* Given records

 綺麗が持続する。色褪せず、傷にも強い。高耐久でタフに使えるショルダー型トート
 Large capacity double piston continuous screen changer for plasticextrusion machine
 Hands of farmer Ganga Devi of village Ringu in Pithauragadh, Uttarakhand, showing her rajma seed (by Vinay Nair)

---

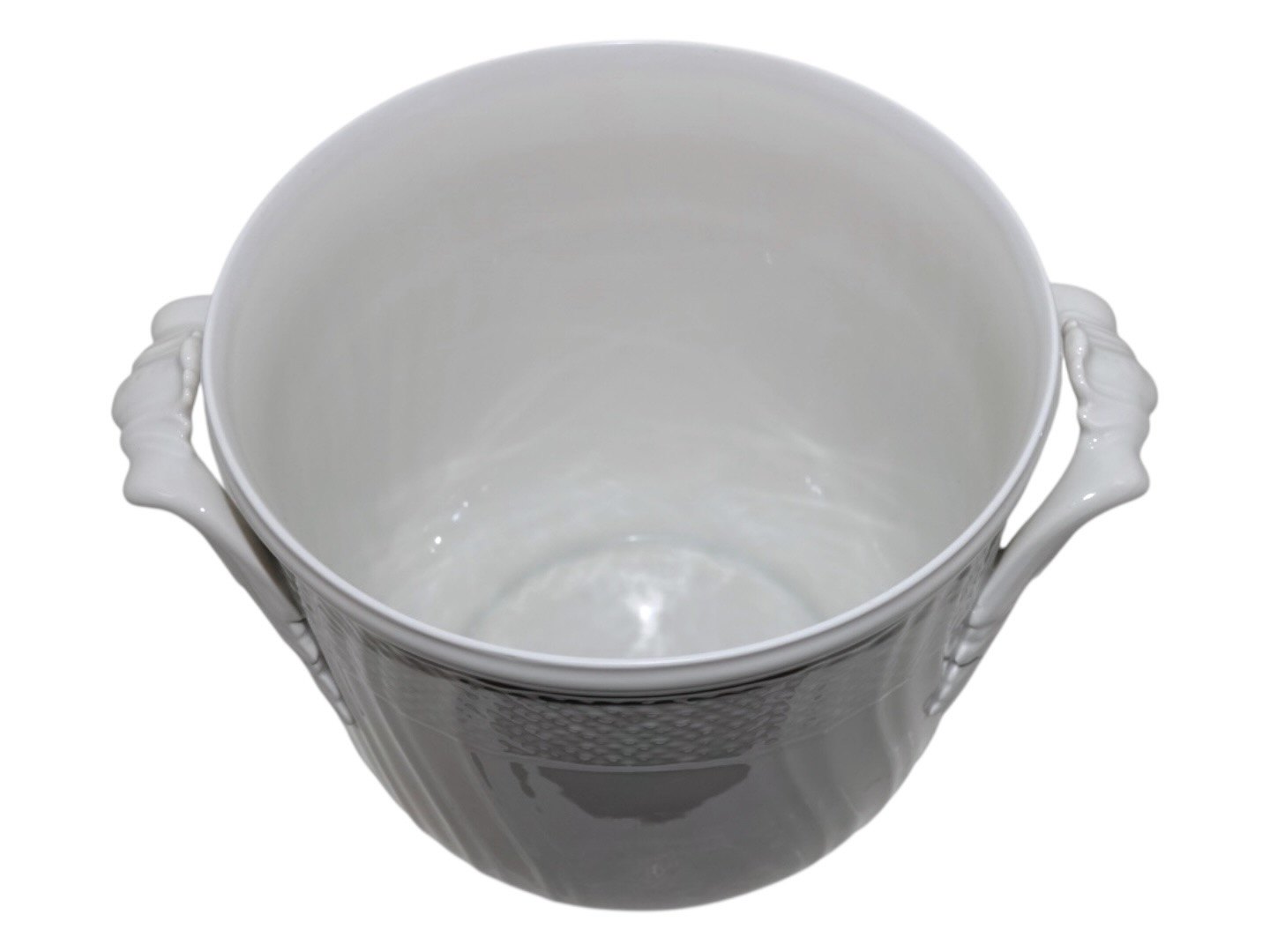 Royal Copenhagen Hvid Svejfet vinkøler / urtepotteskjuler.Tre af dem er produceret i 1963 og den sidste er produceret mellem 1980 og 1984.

* Action item
Please give again the lines above between the line holding "綺麗が持続する。色褪せず、傷にも強い。高耐久でタフに使えるショルダー型トート" and the line holding "Hands of farmer", inclusive, exactly as they are and with nothing added.

* Answer section
 綺麗が持続する。色褪せず、傷にも強い。高耐久でタフに使えるショルダー型トート
 Large capacity double piston continuous screen changer for plasticextrusion machine
 Hands of farmer Ganga Devi of village Ringu in Pithauragadh, Uttarakhand, showing her rajma seed (by Vinay Nair)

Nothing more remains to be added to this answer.